This homemade Turkish bread is soft, chewy, and incredibly simple to make—no oven needed! It puffs up beautifully in the pan, creating a hollow center that’s perfect for wrapping around your favorite fillings or dipping into rich curries. Whether you’re making chicken shawarma wraps or pairing it with butter chicken, this bread is a game-changer for quick meals.

Why You’ll Love This Turkish Bread:
- No oven required – just a stovetop and a pan.
- Soft, puffy texture – with a light, airy middle.
- Versatile – ideal as a wrap, dipping bread, or freezer-friendly meal prep.
- Simple ingredients – pantry staples and no kneading machines needed.
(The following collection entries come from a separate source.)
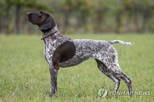 epa09498389 A German Shorthaired Pointer named Somlohegyi Napsugar looks on during the international inspection of shorthaired pointer breeds, one of the side events of the 'One with Nature' World Hunting and Nature Exhibition in Fulopszallas, Hungary, 30 September 2021. EPA/Sandor Ujvari HUNGARY OUT
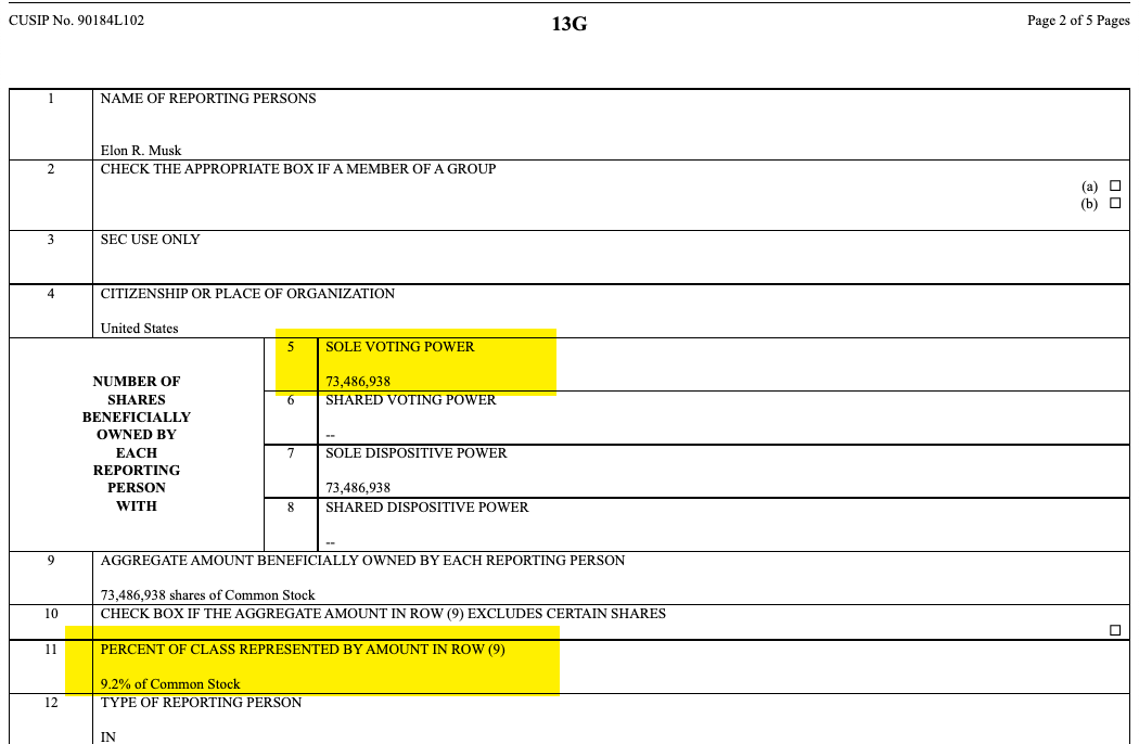 Unos días después de que Elon Musk insinuara que "se necesita una nueva plataforma" sobre Twitter, una declaración de propiedad de acciones 13G de la SEC revela que el CEO de Tesla ha adquirido el 9,2% de Twitter. A través de su fideicomiso, del que es el único propietario, Elon Musk ha comprado 73.486.938 acciones de Twitter, que al cierre del viernes representan una participación de casi 2.900 millones de dólares. Después de que la SEC publicara la información, las acciones de Twitter se dispararon en las operaciones previas al mercado y las acciones de Elon Musk podrían valer más de tres mil quinientos millones de dólares en este momento.
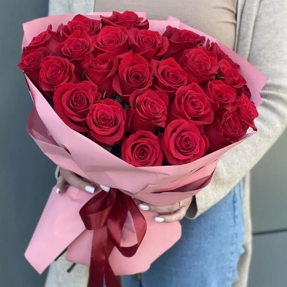 розы красные – 25 шт.Упаковка дизайнерская – 3 шт.Лента атласная – 1 шт.работа флориста – 1 шт.
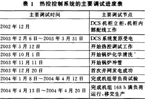 5號(hào)機(jī)組熱控控制系統(tǒng)的主要調(diào)試進(jìn)度如表
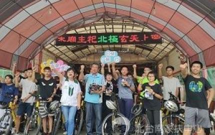 家扶青少年艷陽天下騎單車苦行學做公益 不簡單 起程前齊聚新營真武殿 獲贈「騎」福手套壯遊平安行
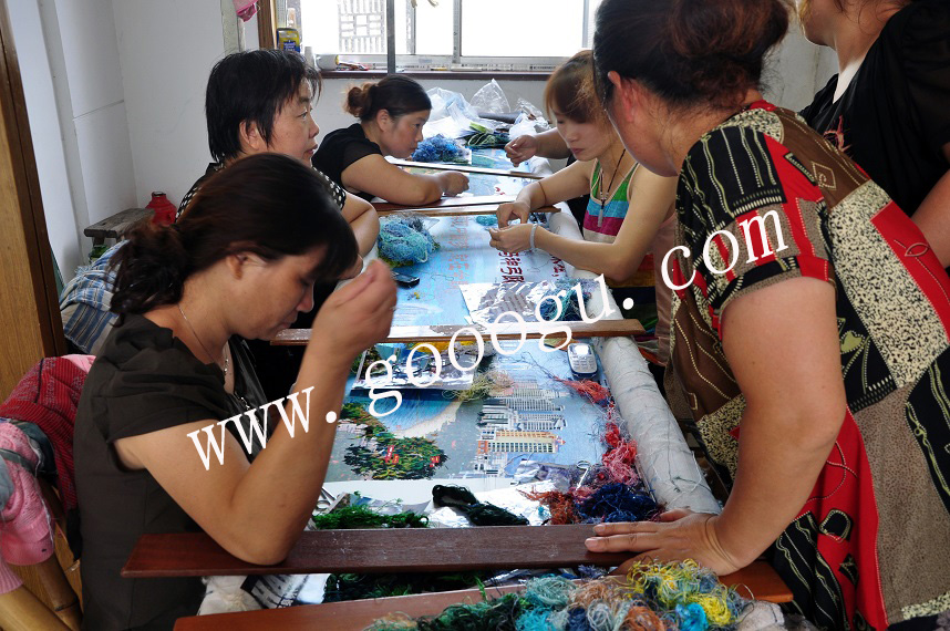 嬌古蘇繡繡娘正在一起認(rèn)真研討刺繡的工藝和繡法,確保作品達(dá)到行業(yè)高水平
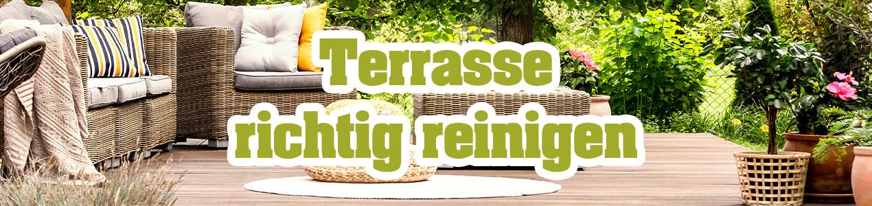 Grünbelag, Moos, Blütenstaub und Schmutz auf der Terrasse putzen Sie mit den richtigen Reinigern ganz einfach weg. Lesen Sie in unserem Ratgeber, wie Sie Ihre Terrasse am besten reinigen – umweltschonend und abgestimmt auf den jeweiligen Bodenbelag.

Ingredients (Makes 6 rounds – approx. 18cm each)
✤ Dough:
- 500g bread flour or all-purpose flour (about 4 cups)
- 160ml warm milk (⅔ cup)
- 160ml warm water (⅔ cup)
- 10g instant dry yeast (1½ tbsp)
- 10g sugar (1 tbsp)
- 8g salt (about ¾ tbsp)
✤ Optional Topping:
- 20g melted unsalted butter or olive oil
- Chopped fresh parsley
Step-by-Step Instructions:
- Activate the yeast
In a large bowl or mixing container, combine warm milk, warm water, sugar, and yeast. Stir well and let it sit for a few minutes until slightly frothy. - Make the dough
Add the flour and salt to the yeast mixture. Mix until a shaggy dough forms, then knead by hand for about 8–10 minutes until smooth and no longer sticky. - First rise
Cover the dough with a clean towel or plastic wrap and let it rise in a warm place until doubled in size, about 1 hour. - Divide and shape
Punch down the dough and divide it into 6 equal pieces. Shape each into a smooth ball and cover with a damp towel or plastic bag to rest for 10 minutes. - Roll out
Using a rolling pin, roll each dough ball into a round about 18cm (7 inches) wide and 5mm (¼ inch) thick. - Cook on the stovetop
Heat a thick-bottomed skillet or non-stick pan over medium heat. Place one dough round in the hot pan. When bubbles start forming on the surface, flip it. Cook until the bread puffs up like a balloon, then reduce the heat to low and cook for another minute to ensure it’s cooked through. - Keep warm and soft
Transfer the cooked bread to a plate and cover with a clean kitchen towel to prevent drying out while you finish cooking the rest. - Optional finishing touch
Brush the bread with melted butter or olive oil and sprinkle with fresh parsley if desired.
Serving Ideas
This Turkish bread is incredibly versatile. Here are a few delicious ways to enjoy it:
✤ As a wrap:
- Chicken Shawarma
- Teriyaki Meatballs
- Salisbury Steak
✤ As a dipping bread:
- Butter Chicken
- Thai Chicken Satay
✤ Meal prep tip:
Make a double batch and freeze extras. Reheat in a hot pan or microwave before serving.
More Recipes You’ll Love:
- No-Knead Naan Bread – soft, fluffy, and beginner-friendly
- No-Knead Sandwich Rolls – light, airy, and oven-free
- 3-Ingredient Frying Pan Bread – perfect for busy nights
- Fluffy Greek Pita Bread – no oven, no kneading required
- Easy Garlic Bread – fast, flavorful, and fuss-free
- Cheese & Potato Bread – comfort food in every bite
- Breakfast Egg Burritos – ideal for grab-and-go mornings
Recipe Summary:
No-Oven Turkish Bread (Bazlama)
Prep Time: 1 hour 30 minutes | Cook Time: 15 minutes
Cuisine: Turkish, Arabic, Indian, Greek
Author: Anna Lee
Servings: 6 rounds
Difficulty: Easy
This easy stovetop Turkish bread puffs up beautifully and is perfect for wraps or dipping. With simple ingredients and no oven required, it’s a must-try for any home cook.